About this task →
A verbatim copy of the full data, with no pictures, is the expected answer.

START Dataset section

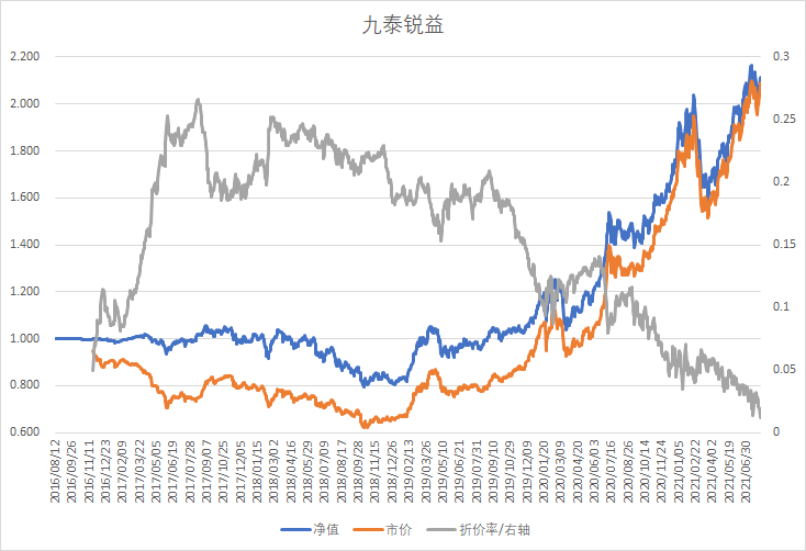 2019年牛市开始了,九泰锐益净值涨了37.04%,但市价涨了48.48%,折价率继续缩小到11.71%;2020年继续牛市,九泰锐益净值再涨61.71%,市价涨的又是比净值多,达到73.57%,折价率继续缩小到5.24%。今年九泰锐益净值涨了17.71%,市价再涨22.75%,折价率终于缩小到1.18%这个历史最小折价率了。
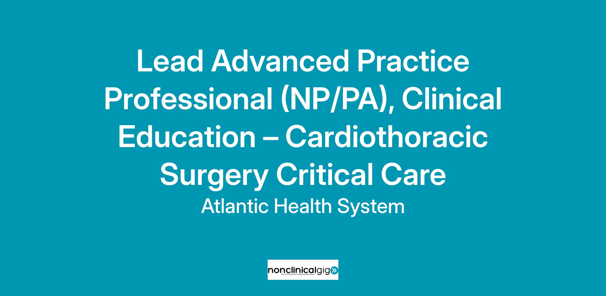 Atlantic Health, one of New Jersey’s largest non-profit healthcare networks, is seeking an experienced Advanced Practice Professional (Nurse Practitioner or Physician Assistant) to lead Clinical Education for Cardiothoracic Surgery Critical Care at Morristown Medical Center.
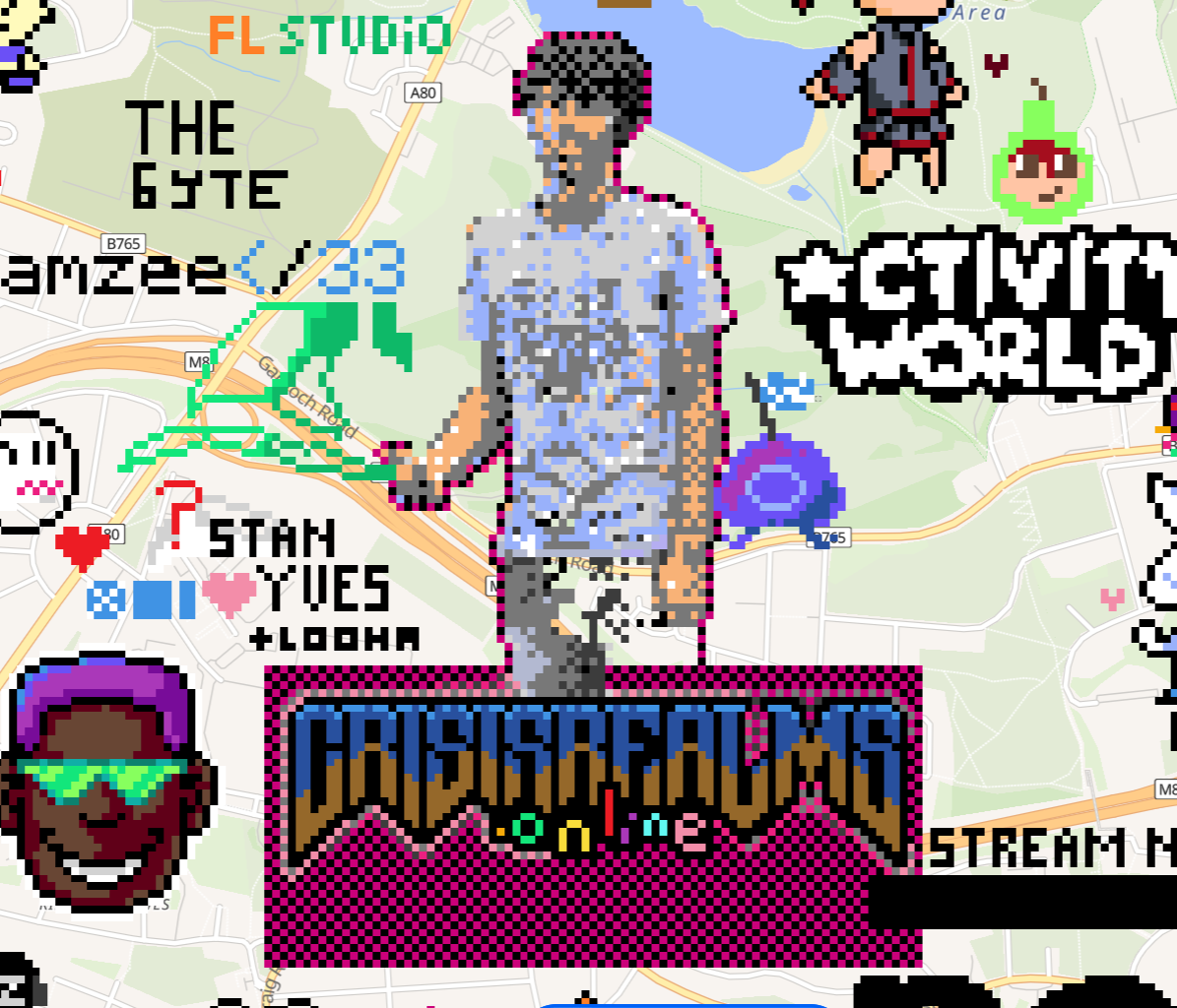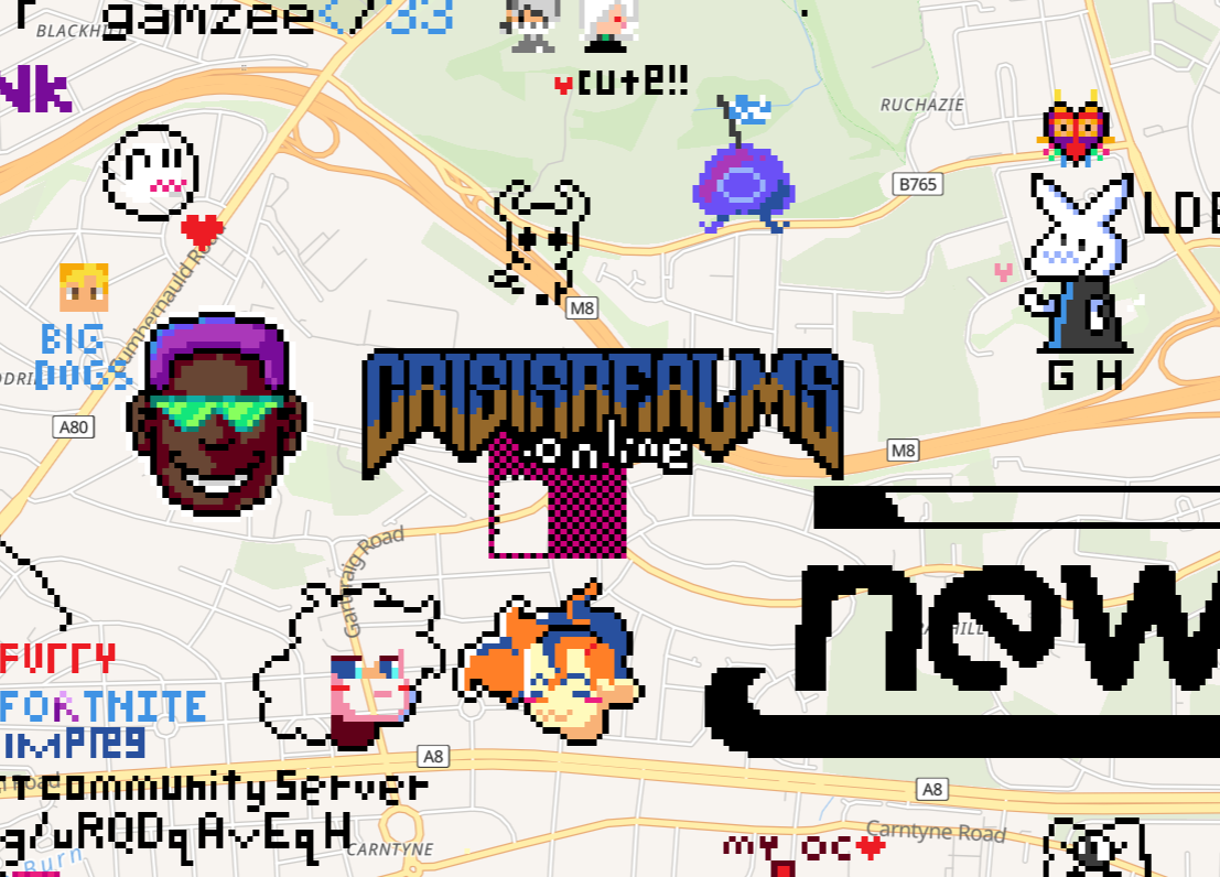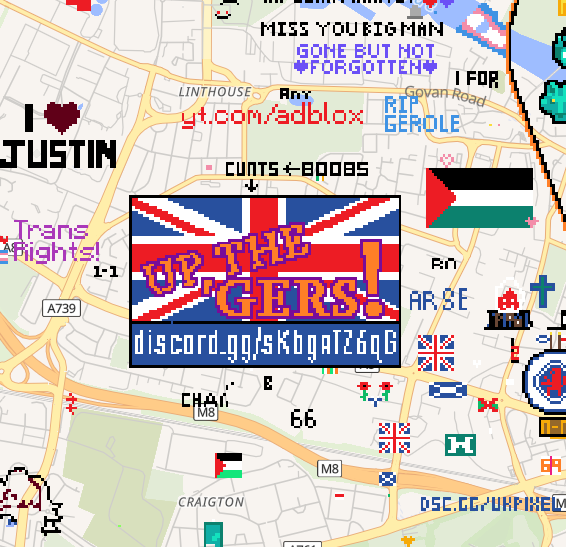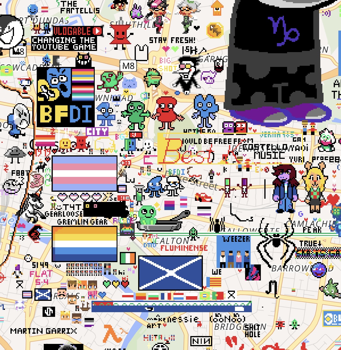from: Anonymous@202 I DONT KNOW HOW TO GET COORDS. GLASGOW CENTRAL. EAST OF HOMESTUCK. IMMEDIATELY WEST OF BABYTRON. GODSPEED.

END Dataset section

Exercise answer →
 2019年牛市开始了,九泰锐益净值涨了37.04%,但市价涨了48.48%,折价率继续缩小到11.71%;2020年继续牛市,九泰锐益净值再涨61.71%,市价涨的又是比净值多,达到73.57%,折价率继续缩小到5.24%。今年九泰锐益净值涨了17.71%,市价再涨22.75%,折价率终于缩小到1.18%这个历史最小折价率了。
 Atlantic Health, one of New Jersey’s largest non-profit healthcare networks, is seeking an experienced Advanced Practice Professional (Nurse Practitioner or Physician Assistant) to lead Clinical Education for Cardiothoracic Surgery Critical Care at Morristown Medical Center.
from: Anonymous@202 I DONT KNOW HOW TO GET COORDS. GLASGOW CENTRAL. EAST OF HOMESTUCK. IMMEDIATELY WEST OF BABYTRON. GODSPEED.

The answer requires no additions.